Dans l’attentat perpétré trois personnes ont trouvé la mort. Il s’agit d’Ami Elmaleh, 32 ans, marié et père de deux enfants, Michael Ben Saadoun, 26 ans, marié et père d’un bébé, et Israël Samolia, 26 ans, immigrant d’origine péruvienne. Les deux premiers étaient les propriétaires du restaurant.

Cinq autres personnes ont été légèrement blessées.

Michael Ben Saadoun est né à Acco. Il y a quatre ans, il a décidé de tenter sa chance à Eilat et a commencé par des emplois temporaires avant d’ouvrir, il y a six mois, une boulangerie faisant partie d’une chaîne appartenant à la seconde victime, Ami Elmaleh z"l.

L’épouse de Michael, Shani, a raconté que son mari s’était levé à cinq heures, le matin du drame, pour aller travailler. Trois heures plus tard, il était revenu chez lui pour emmener son fils, âgé de 8 mois, à la crèche. C’était leur dernière rencontre.

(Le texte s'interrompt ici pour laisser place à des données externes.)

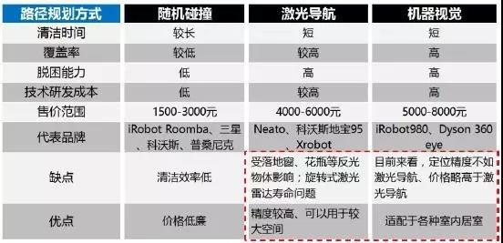 不同技術(shù)方案的掃地機器人特點對比

L’épouse de la victime a raconté que Michael était un travailleur acharné, qui passait la majeure partie de son temps à la boulangerie. ‘’Il rêvait de réussir dans cette profession qu’il avait apprise rapidement et de développer ce réseau’’, a-t-elle ajouté. Elle a raconté que la veille de l’attentat, ils avaient regardé avec leur fils le film de leur mariage. À présent, ce moment de bonheur familial restera à jamais gravé dans sa mémoire.

Ami Elmaleh, né à Eilat, s’est marié il y a cinq ans avec Keren et était père de deux petites filles, âgées de 4 ans et 2 ans. Il y a deux ans et demi, il a décidé d’ouvrir trois boulangeries et a pris par la suite comme associé Michael Ben Saadoun.

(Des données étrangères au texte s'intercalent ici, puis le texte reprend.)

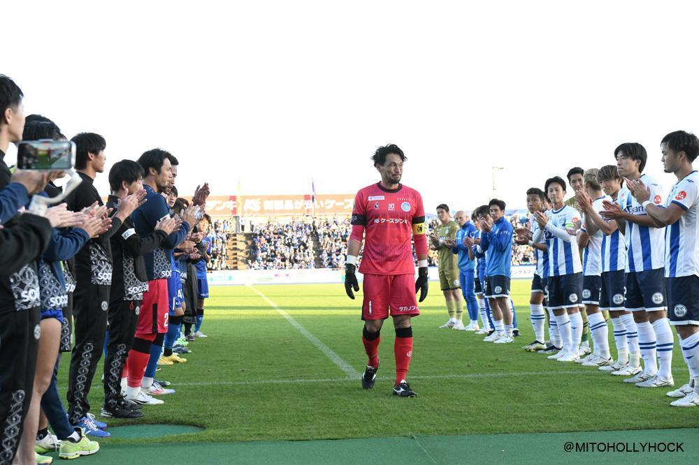 試合終了後は本間選手のプロ29年間という多大な功績、ホーム最後の勇姿を称えて、水戸側だけでなく、山形の渡邉晋監督や選手達、審判団も花道を作り、両サポーターからも割れんばかりの大きな拍手で偉大なレジェンドの退場を見送りました。

Israël Samolia, la troisième victime de l’attentat, vivait à Eilat depuis son arrivée en Israël. Sa famille, qui vit à Miami, en Floride, a été informée de son décès par le consul d’Israël. Cela faisait trois mois que le jeune immigrant d’origine péruvienne travaillait dans la boulangerie. (Claire Dana Picard )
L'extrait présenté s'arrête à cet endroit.